Verdict: Quantiphi vs DataArt

Quantiphi (4.4/5) is the stronger overall choice for most Machine Learning Development projects. AI-native firm that reached enterprise scale (2,600+ employees) without pivoting from generalist IT outsourcing.. It is best for enterprises, especially in financial services, needing AI delivery at scale with strong cloud-native ML platform engineering..

DataArt (3.9/5) is the better choice when enterprises across finance, media, healthcare, and retail wanting AI/ML from a long-established, globally distributed software engineering partner.. If your situation matches those criteria, DataArt is a competitive option.

Related comparisons

Quantiphi vs DataArt FAQ

Is Quantiphi better than DataArt?

Quantiphi (4.4/5) scores higher overall, but "better" depends on your use case. Quantiphi is better for enterprises, especially in financial services, needing AI delivery at scale with strong cloud-native ML platform engineering.. DataArt is better for enterprises across finance, media, healthcare, and retail wanting AI/ML from a long-established, globally distributed software engineering partner..

How do Quantiphi and DataArt differ in pricing?

Quantiphi uses fixed project and managed ai services pricing with a minimum engagement of Not published. DataArt uses fixed project, dedicated team, staff augmentation pricing with a minimum engagement of Not published. Neither firm publishes a full rate card; a discovery call is required for project-specific quotes.
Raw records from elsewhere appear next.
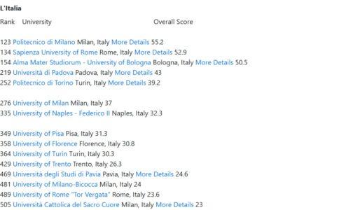 Quest’anno sono presenti 85 nuovi entranti – più della metà provengono dall’Asia, con Bangladesh (11 nuovi istituti), Indonesia (10), India e Malesia (cinque ciascuno) e Kazakistan (quattro). Due dei nuovi entranti sono nella classifica Top 10: National University of Singapore e University of California, Berkley.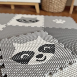Esta alfombra de espuma de alta calidad, compuesta por piezas conectables, crea un espacio de juego seguro y confortable. Su diseño gris claro neutro con un tierno mapache encaja en cualquier interior y hace que el tiempo en el suelo sea más agradable para los niños. Las piezas encajan con precisión, por lo que puedes ampliar o adaptar la alfombra fácilmente.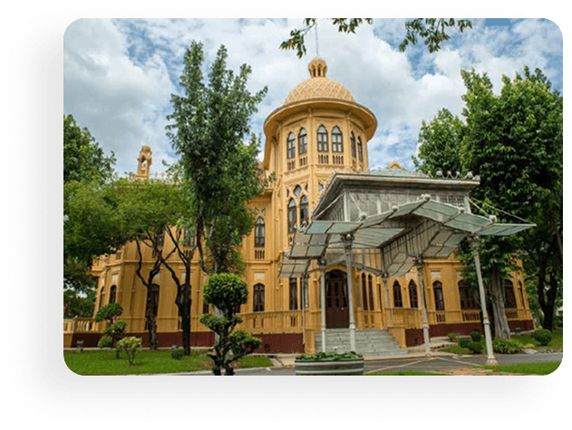 - เรือนโสภา เป็นอาคารเรือนไม้เน้นลวดลายจากผนังลูกฟักไม้ เป็นสถานที่ทํางานและพักผ่อนของส่วนรักษาความปลอดภัย บริเวณโดยรอบบ้านมีสนามและสวนยุโรปที่สวยงาม ด้านหลังมีสระน้ำขนาดใหญ่ปลูกบัวและเลี้ยงปลานานาชนิด หน้าบันมีรูปปั้นนารายณ์บรรทมสินธุ์ ซึ่งเป็นสัญลักษณ์พระราชทาน เป็นเครื่องหมายประจําตระกูล ประดิษฐานอยู่บนแท่นศิลาในอ่างน้ำพุ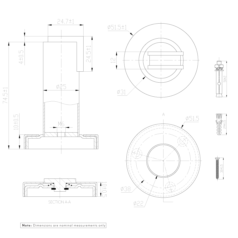| Dimensions (mm) | Projection: 74.5mm Width: 51.5mm |
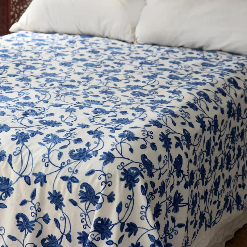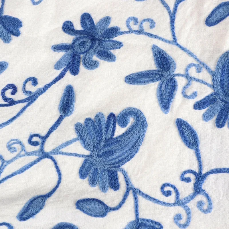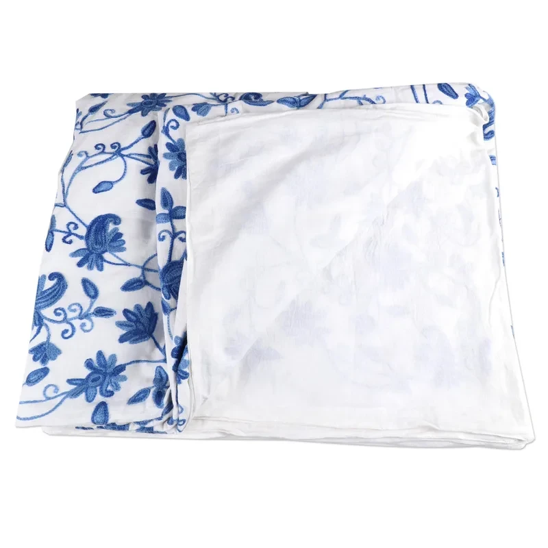Inspired by springtime in India's famous Kashmir Valley, Amit Moza designs this lovely duvet cover to beautify your bedroom. Hand crafted from 100% cotton, the cover features a chain-stitched floral motif that swirls over the white base in a deep blue color. Please note the duvet is sized as a full/queen and includes a tie string closure.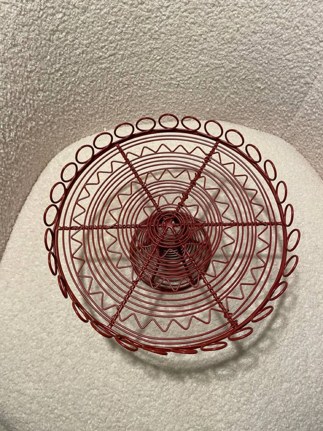 Selling a cute red metal wire cake stand! It's perfect for displaying your baked goods or other treats. It's in great condition and ready for a new home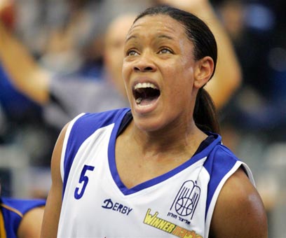 אדווינה בראון ברבע הגמר. קלעה 12 נקודות לחולוניות (צילום: אלי אלגרט)

Which is better for enterprise: Quantiphi or DataArt?

DataArt is the larger team and typically the better enterprise-scale choice. For very large programmes, verify team size and compliance coverage directly with each agency before shortlisting.

What are the main differences between Quantiphi and DataArt?

Quantiphi's primary differentiator is: ai-native firm that reached enterprise scale (2,600+ employees) without pivoting from generalist it outsourcing.. DataArt's primary differentiator is: 28 years of operating history across 30+ global delivery locations, with a newer (2024) dedicated ai strategy consulting service line.. They also differ in team size (1,001–5,000 vs 5,001–10,000), minimum engagement (Not published vs Not published), and primary industries served (Financial Services, Healthcare vs Financial Services, Media & Entertainment).

Last reviewed: July 2026. Verify all details directly with each agency before making a decision.